To make a long story short - it doesn't look like it's going to work. And even if it did work, it might be such a pain in the ass that it negates any gain I'd get by eliminating the CPLD. And yet it looks pretty close to working, at least within a factor of two if not less. If the timing requirement were 1000 ns instead of 500 ns, I think I could make it work.
Other Interrupt Oddities
According to the docs I've read, interrupt handlers on ARM are just like any other function. There's no special interrupt prologue or epilogue, and there's no RTI return from interrupt instruction. And yet gcc does specify an interrupt attribute for ARM functions:
__attribute__ ((interrupt))
The code in Atmel Start doesn't appear to use that attribute for its interrupt handlers. So is it needed or not? What does it do? As best as I can tell, it adds some extra code that aligns the stack pointer upon entry to the interrupt handler, but why? If I add the interrupt attribute to my EIC_Handler(), it gets many instructions longer.

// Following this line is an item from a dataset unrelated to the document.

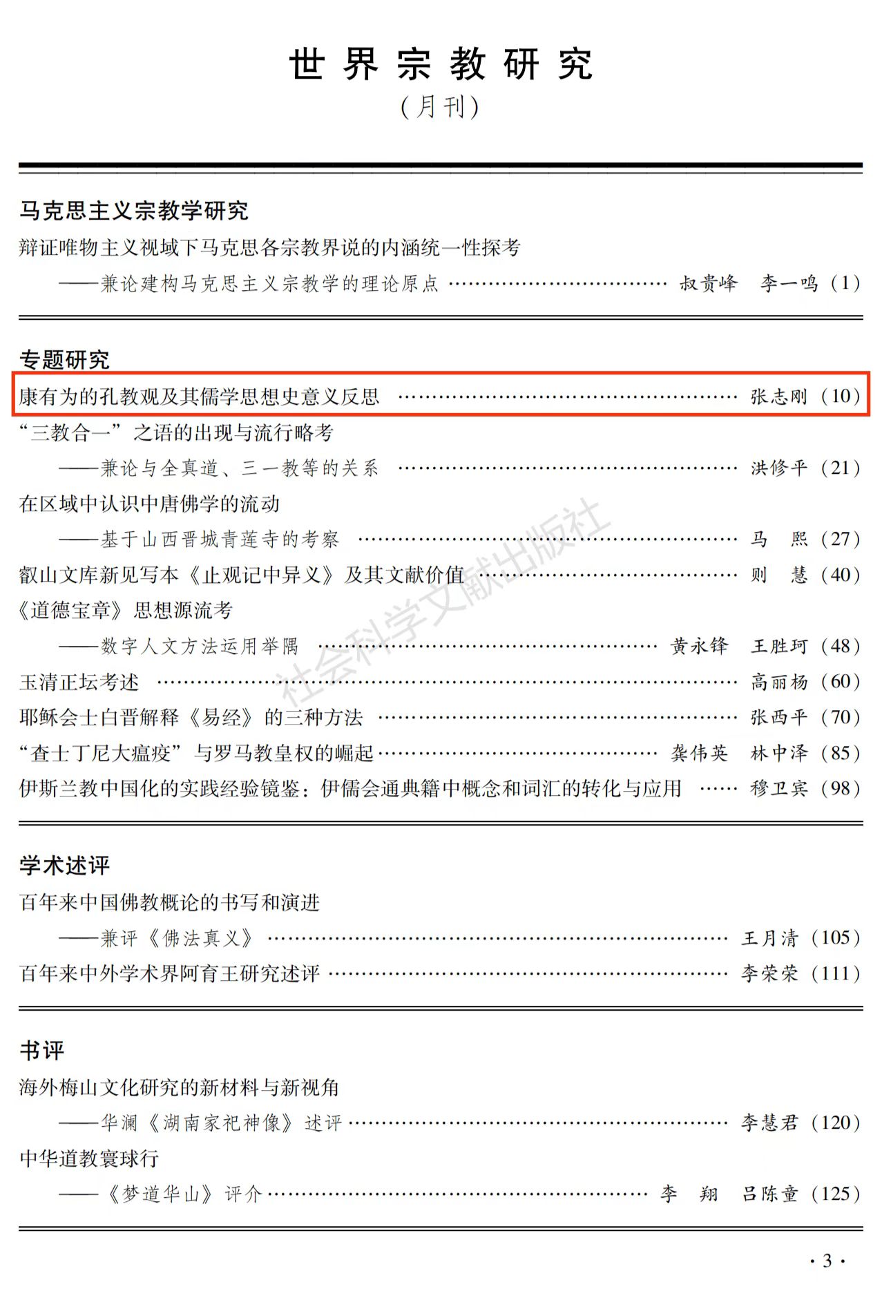 近日,山东大学犹太教与跨宗教研究中心张志刚教授在《世界宗教研究》2024年第10期上发表了题为《康有为的孔教观及其儒学思想史意义反思》的高质量论文。

Another unanswered question is how to handle nested interrupts. EIC_Handler wouldn't be the only interrupt handler in the firmware, but it should be the highest priority. If another interrupt handler is running when an external pin changes state, that handler should be pre-empted and EIC_Handler should be started. The Cortex M4 supports nested interrupts, but is there any extra code needed in the interrupt handlers to make it work correctly? Extra registers that must be pushed and popped? I'm not sure, but this discussion suggests the answer is yes. If so, that would add still more instructions to the interrupt handler, making it even slower.